Snowpipe Streaming lets a client SDK append rows directly into Snowflake tables — no files, no `COPY`, queryable in seconds — and its model rests on two concepts. A **channel** is a streaming connection to one table that preserves order and is the unit you multiply for parallelism (one channel per source partition is the workhorse pattern). An **offset token** is the marker you attach to data so that, on any restart, you read the channel's latest committed token and resume from exactly there — which is how you get exactly-once by reconciliation, and the part you must implement rather than assume.

The high-performance architecture turned this from a latency-only niche into a primary high-throughput load path with Python and Go clients and volume-based pricing.
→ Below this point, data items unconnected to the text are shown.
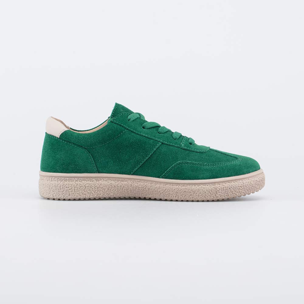 Велюровые полуботинки выполнены в сочетании трендовых цветов: зеленого и бежевого. Подходят для мальчика-подростка.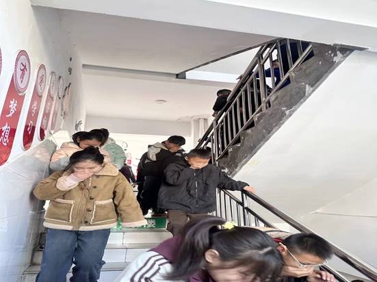 中井然有序,教职工分工明确、各尽其责,疏散顺利。同时希望大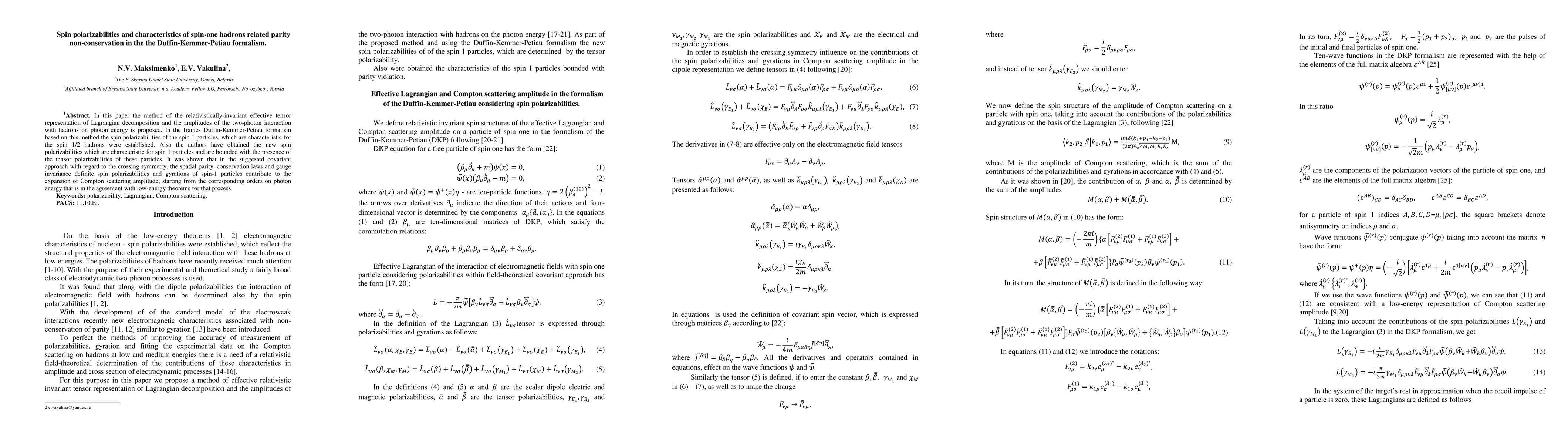 This paper explores the spin polarizabilities of spin-1 hadrons using the Duffin-Kemmer-Petiau formalism, establishing new characteristics linked to parity non-conservation. It proposes a relativistically-invariant method for two-photon interaction amplitudes, revealing contributions from spin polarizabilities to Compton scattering at low photon energies.

Tune throughput by batching rows and adding channels, design offset tokens that map cleanly to a replayable source position, confirm commits before advancing your bookmark, and let the Kafka connector do the work when your data is already in Kafka. And keep the boundary honest: streaming for the continuous trickle, file-based `COPY` for the big batch. Get the channel-and-token model right and you have ingestion that's both real-time and correct — which, for the pipelines that feed live dashboards and models, is exactly the combination that's hard to fake. For an end-to-end clinical use of this, see [real-time FHIR into Snowflake](fhir-streaming-snowpipe-dynamic-tables).